#### Task details:
If pictures appear in the lines below, skip them and copy exactly the lines from the one containing "Bonacure Repair Rescue" through the one containing "拉薩市林周縣邊交林鄉(xiāng)的池塘里,大量斑頭雁、赤麻鴨等候鳥棲息(12月24日攝,手機照片)。新華社記者 沈虹冰 攝", and nothing else.

#### Recorded information:
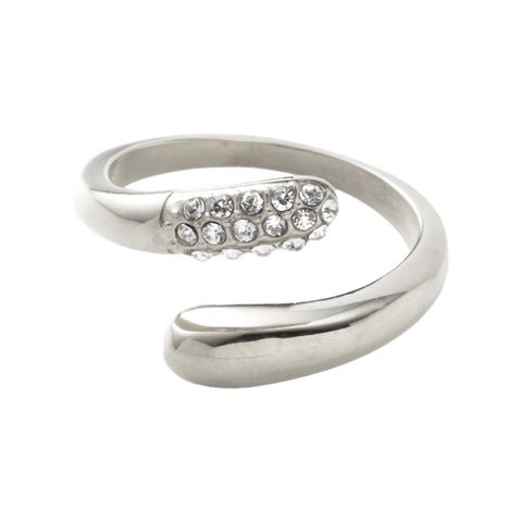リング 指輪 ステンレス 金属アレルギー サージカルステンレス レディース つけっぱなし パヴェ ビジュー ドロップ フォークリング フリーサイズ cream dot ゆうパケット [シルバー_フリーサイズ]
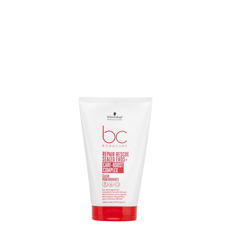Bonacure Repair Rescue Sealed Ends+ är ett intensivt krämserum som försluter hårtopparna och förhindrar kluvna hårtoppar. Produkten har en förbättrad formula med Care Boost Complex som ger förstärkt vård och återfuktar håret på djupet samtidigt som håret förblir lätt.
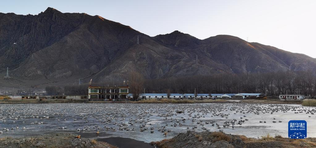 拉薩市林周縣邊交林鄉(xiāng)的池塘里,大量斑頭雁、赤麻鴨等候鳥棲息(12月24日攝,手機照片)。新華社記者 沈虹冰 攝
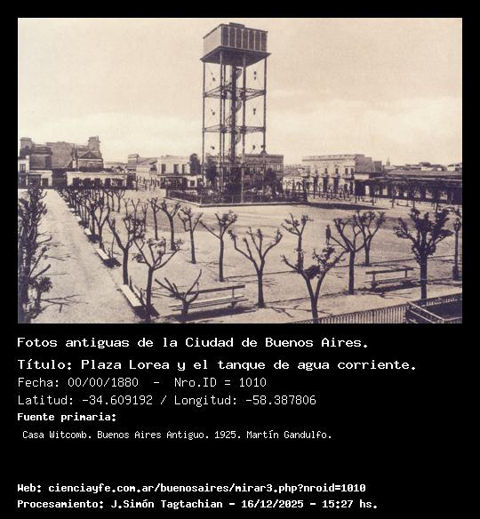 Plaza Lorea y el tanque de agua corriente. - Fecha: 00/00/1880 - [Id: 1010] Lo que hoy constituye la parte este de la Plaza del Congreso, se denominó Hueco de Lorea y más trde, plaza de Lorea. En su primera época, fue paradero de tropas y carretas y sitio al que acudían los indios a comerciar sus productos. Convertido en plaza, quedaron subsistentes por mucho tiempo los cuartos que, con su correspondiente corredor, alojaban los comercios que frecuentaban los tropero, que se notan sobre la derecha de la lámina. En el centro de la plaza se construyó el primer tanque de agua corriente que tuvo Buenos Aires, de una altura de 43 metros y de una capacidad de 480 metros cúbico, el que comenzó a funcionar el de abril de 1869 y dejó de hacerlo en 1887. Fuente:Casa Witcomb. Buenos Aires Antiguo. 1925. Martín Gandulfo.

#### Exercise response:
Bonacure Repair Rescue Sealed Ends+ är ett intensivt krämserum som försluter hårtopparna och förhindrar kluvna hårtoppar. Produkten har en förbättrad formula med Care Boost Complex som ger förstärkt vård och återfuktar håret på djupet samtidigt som håret förblir lätt.
 拉薩市林周縣邊交林鄉(xiāng)的池塘里,大量斑頭雁、赤麻鴨等候鳥棲息(12月24日攝,手機照片)。新華社記者 沈虹冰 攝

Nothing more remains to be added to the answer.